Open to All Workers. Workers in employer-plans could opt into the public option and their firms would be obligated to pay a tax equal to what they pay for the workers’ current insurance plans. This provision would seriously disrupt job-based coverage by making it difficult, if not impossible, for employers to maintain stable insurance pools.
Expansion of Medicare to Persons Age 50 to 64. Warren would allow persons age 50 to 64 to enroll in an expanded Medicare program. Employers would pay a tax into Medicare equal to what they pay in premiums for worker coverage in their job-based plans. Workers would pay Medicare premiums, but Warren says those would be gradually phased out as costs were cut with provider payment reductions. Medicare’s benefits would be expanded to cover vision and dental services.
Expansion of ACA Subsidies. The subsidies the ACA provides for insurance enrollment would be increased to lower premiums for consumers. All households with incomes over 400 percent of the FPL would have their premiums capped as a percentage of their incomes.
Coverage of Long-Term Care. Both the new public option and Medicare would cover long-term care for the people who need those services. This proposal alone would be a massive expansion of entitlement benefits, rivaling the enactment of Medicare and Medicaid in 1965.
State Single-Payer Plans. States would be given the green light to implement single-payer schemes.
Warren states that she would pair this transition legislation with numerous steps she says she would have the authority to implement administratively. Among other things, she would:
Eliminate the budget-neutrality requirement for Medicaid waivers. States could expand coverage under Medicaid beyond households below 138 percent of FPL (the threshold established in the ACA) and draw down additional federal payments to cover most of the cost.

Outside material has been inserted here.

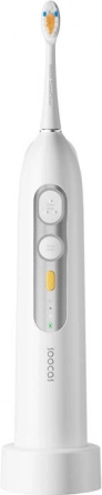 De Soocas Neos T03 brengt een echte revolutie: in één behuizing verenigt hij een sonische tandenborstel en irrigator. Een nauwkeurig geplaatste wateruitlaat in de kop synchroniseert de straal met de beweging van de borstelharen, waardoor het tandoppervlak, de tandvleesrand en moeilijk bereikbare interdentale ruimtes effectief worden gereinigd. De speciale W‑vorm van de borstelharen, 80% afgeronde uiteinden voor zachtheid en een slijtage-indicator (aangetaste haren vervagen na verloop van tijd) helpen om een perfecte techniek en tijdige vervanging van de opzetborstels te behouden.
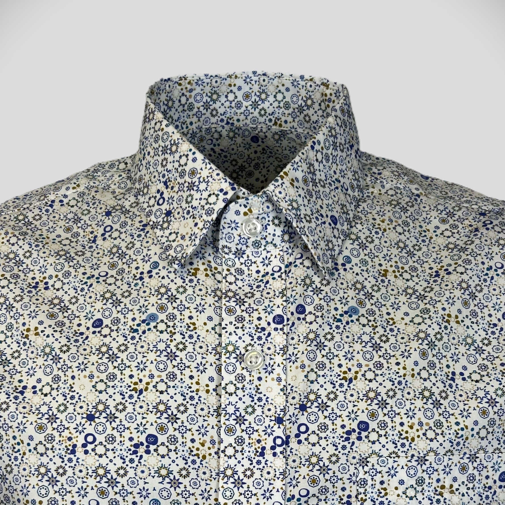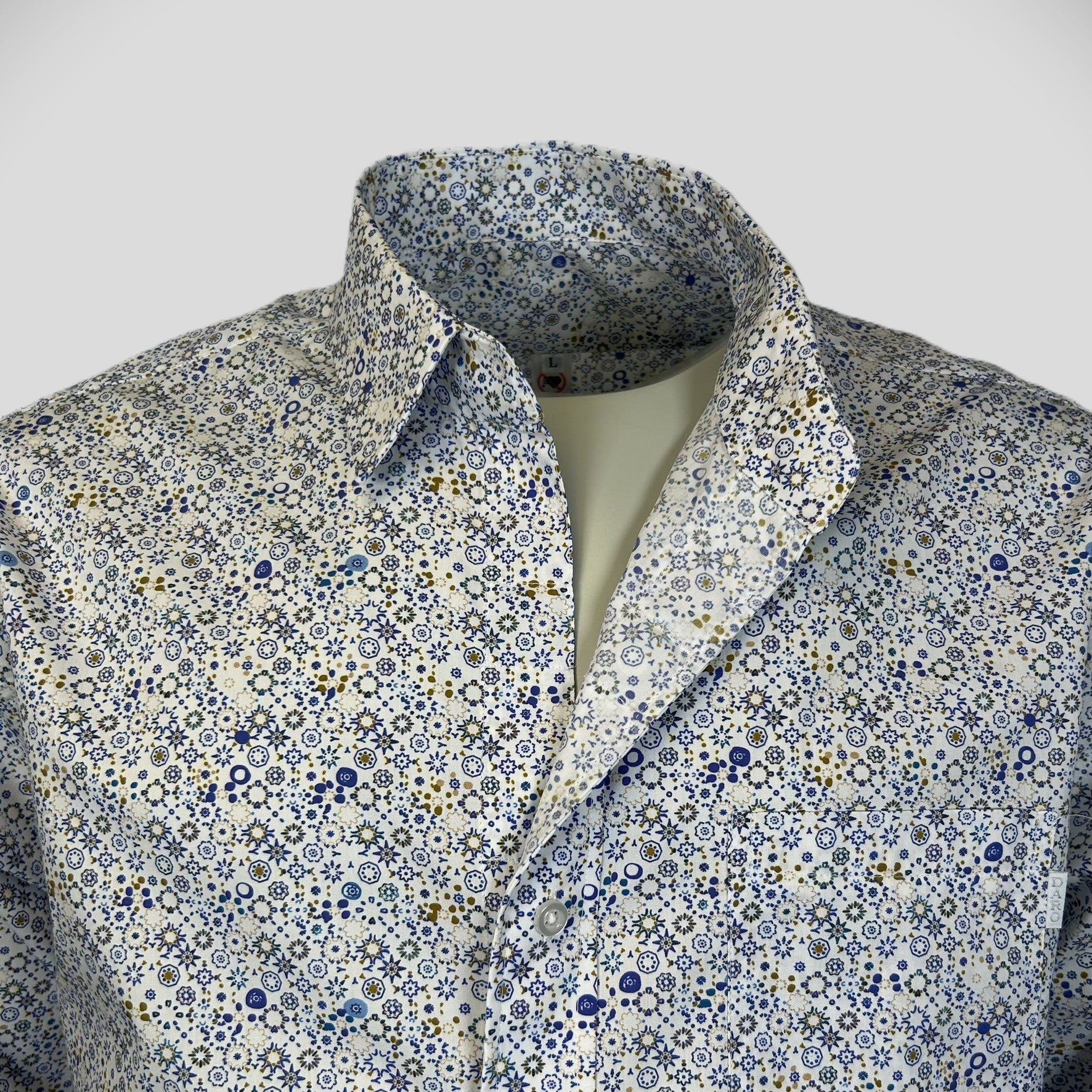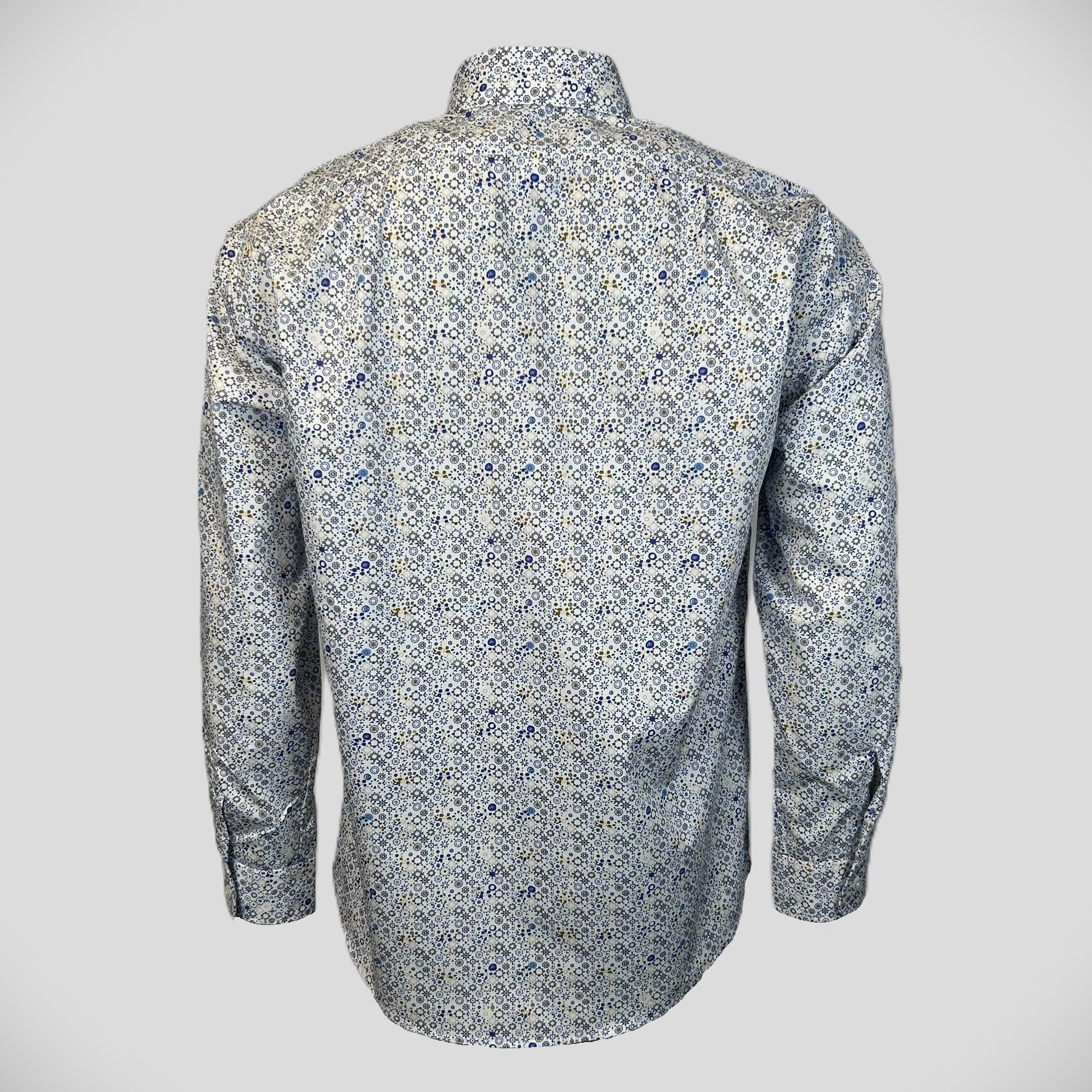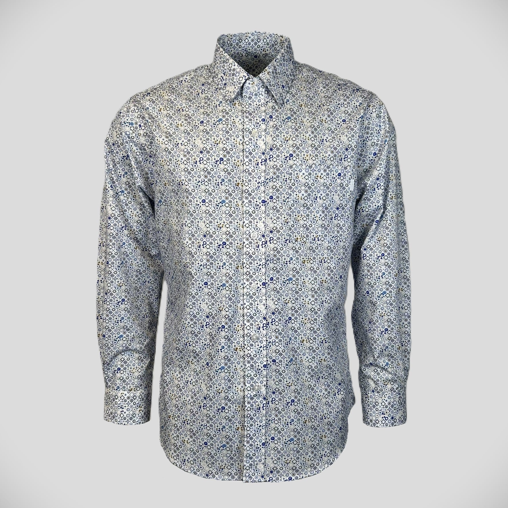 Skjorten er i reguler fit og har almindelig krave, lange ærmer, læg på ryggen, brystlomme og ærmemanchet med slids. Magneterne foran i stolpen og i hver ærmemanchet er indsyet og dermed skjulte. Ovenpå er syet hvide knapper, for et klassisk og almindeligt look.

Liberalize the definition of “medically-necessary dental care” so that it covers many more services for current Medicare enrollees.
This plan would increase federal spending by at least hundreds of billions of dollars over a decade, and probably trillions because of the long-term care benefit. Warren says she will pay for added costs with the same taxes she outlined for Medicare for All.

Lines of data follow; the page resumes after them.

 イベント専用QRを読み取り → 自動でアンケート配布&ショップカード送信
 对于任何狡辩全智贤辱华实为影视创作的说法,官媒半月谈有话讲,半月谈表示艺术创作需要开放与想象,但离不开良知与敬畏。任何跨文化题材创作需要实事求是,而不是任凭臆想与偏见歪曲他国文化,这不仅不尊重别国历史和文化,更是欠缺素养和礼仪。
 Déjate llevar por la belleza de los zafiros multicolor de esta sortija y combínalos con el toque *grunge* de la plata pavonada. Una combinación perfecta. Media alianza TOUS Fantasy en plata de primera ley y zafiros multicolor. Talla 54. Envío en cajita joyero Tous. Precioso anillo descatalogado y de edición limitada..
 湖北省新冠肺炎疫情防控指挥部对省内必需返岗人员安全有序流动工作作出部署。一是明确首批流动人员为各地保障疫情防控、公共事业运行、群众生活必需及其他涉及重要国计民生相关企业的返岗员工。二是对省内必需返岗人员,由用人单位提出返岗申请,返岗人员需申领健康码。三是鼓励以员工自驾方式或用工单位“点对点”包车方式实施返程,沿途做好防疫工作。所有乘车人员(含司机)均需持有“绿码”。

If Warren had offered just her transition plan, and not Medicare for All, her more moderate rivals for the Democratic nomination would have had a smaller target to attack than they do today. This plan allows her to promise substantial new benefits, with no elimination of current options, all paid for by the billionaires “who haven’t been paying their fair share.”
Yes, the financing is fictional, but that will be lost on most voters. She could defend this plan as more progressive than the ones offered by the Biden and Buttigieg campaigns without having to justify the elimination of private insurance compelled by Medicare for All.
But that isn’t the path she chose. She claims to still want Medicare for All, with all of its baggage. Consequently, the criticisms from her rivals, and from Republicans, will continue unabated, even as Medicare for All advocates begin to question her loyalties.